The real progress and proper establishment did not happen until 1917 when Emmeline Pankhurst and her daughter joined. They both supported the war and endorsed a whole platform of equal rights for women, including equal pay for equal work, equal parental rights and public maternity benefits. These women were smart and used the war to help them with their own needs in demanding the release of all suffragettes from jail in exchange to cease their campaign. Something so tactical had never been seen from women before.

This was really the first time women were properly noticed. Although the suffragists existed they were seen and not heard however, the suffragettes managed to draw enough attention to make men at least listen to what they had to say. Even though this campaign appeared to be successful, many people believed that women were deprived the vote longer because of their violence and outrageous actions. Some members of the public did not even think that women were capable of voting because of this. However, it was the long term impact of the suffragists that made a difference.

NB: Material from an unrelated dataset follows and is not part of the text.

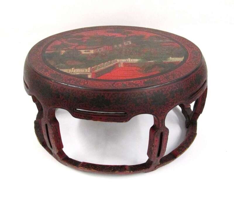 Chinese red laquer drum table 19th/20th century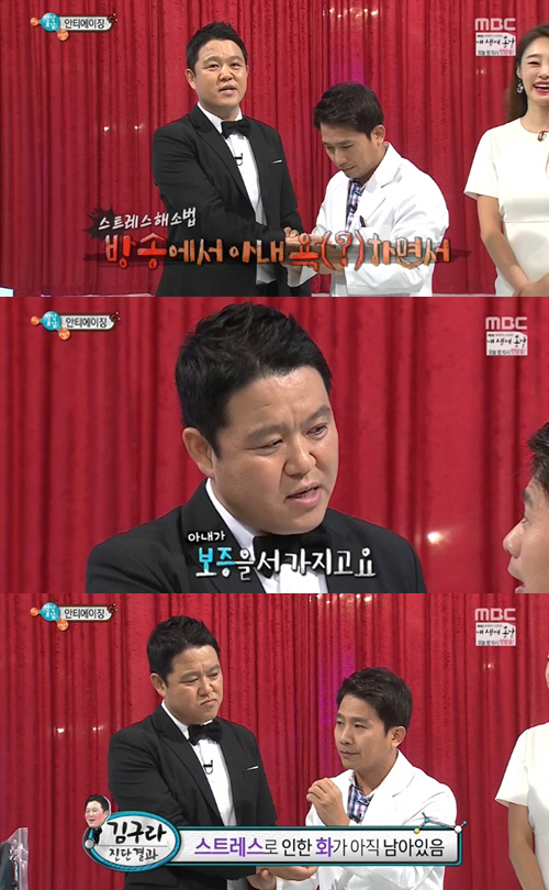 당시 김구라는 "나는 건강하다. 방송에서 아내를 욕하면서 스트레스를 풀었다"며 "아내가 보증을 서서 스트레스를 받았지만 1년 정도 돼 많이 털어냈다"고 웃으며 말했다.

Their constant peaceful tactics in fighting for what they believed to be right eventually gained them equality with men. These women were smart enough to see the long term goal and managed to achieve this, proving to men that they could argue for what they believed to be right, they could stand up for themselves, they were capable and reliable citizens. It is unquestionably evident that the suffragists actions made a notable difference and an over all impact on society even after 1945. It was WWI that made women realise that society was not run correctly however, no significant changes were made.

As stated by Ferguson when men returned from the war “the process was put into quick reverse” showing that by 1918 women had not made a big enough impact to maintain their jobs. Women quickly learned from this and WWII provided them with a second chance. It could be said that if WWII had not occurred, women may never have stood up to men in becoming equal. 1939-45 had a definite greater long term impact than 1914-18 as their confidence and independence began to grow which stood them in good ground for the future. This small taste of independence received from both wars led to a new life for women.

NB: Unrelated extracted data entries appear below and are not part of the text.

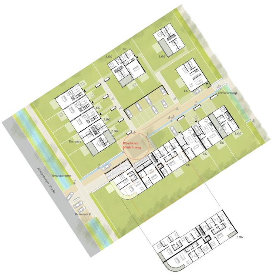 Die städtebauliche Konzeption basiert auf sieben homogenen Nachbarschaften, die sich um Wohnhöfe gruppieren. Die Königsberger Straße dient als Haupterschließung, während ein neuer Fuß- und Radweg den Siedlungsrand begleitet. Bestehende Wegeachsen werden konsequent aufgegriffen und mit dem Quartier verknüpft. Die Wohnhöfe sind als Mischverkehrsflächen gestaltet, die allen Verkehrsteilnehmern gleichrangige Nutzung ermöglichen. Stellplätze und Tiefgaragenzufahrten sind an den Rändern angeordnet, wodurch die Innenhöfe weitgehend vom Verkehr entlastet werden.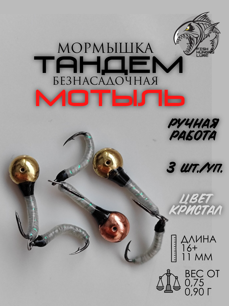 Купить FISH HUNGRY LURE Мормышка безнасадочная Тандем-мотыль кристалл 3 шт.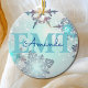 Cute EMT Ice Blue Snowflake Personalized Name Ceramic Tree Decoration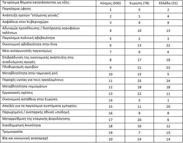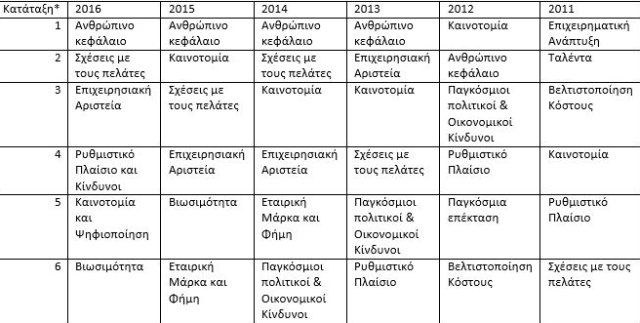 Για τους CEOs διεθνώς το Ανθρώπινο κεφάλαιο εξακολουθεί να είναι το πρώτο θέμα τα τελευταία τέσσερα χρόνια, ακολουθούμενο από τις Σχέσεις με τους πελάτες, την Επιχειρησιακή Αριστεία, το Ρυθμιστικό Πλαίσιο και τους Κινδύνους, την Καινοτομία και την Ψηφιοποίηση και τέλος τη Βιωσιμότητα.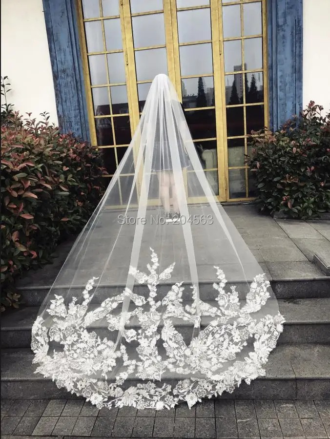 Complete your bridal look with this elegant long one-layer lace wedding veil designed to add timeless beauty to your special day. Made from soft and lightweight fabric, this veil flows gracefully behind the bride and creates a romantic silhouette.

No longer were women going to be classed as housewives or women with no brains, women had made a big enough impact in WWII to make steady progress. The suffragists have got to be credited for their achievements, through their constant pressure on the government and men they managed to achieve things that women had only dreamed of before. Through the use of hindsight, it is evident to historians that 1939-45 was an extremely crucial period for women. It was a period where notable changes were made that are continued to this day.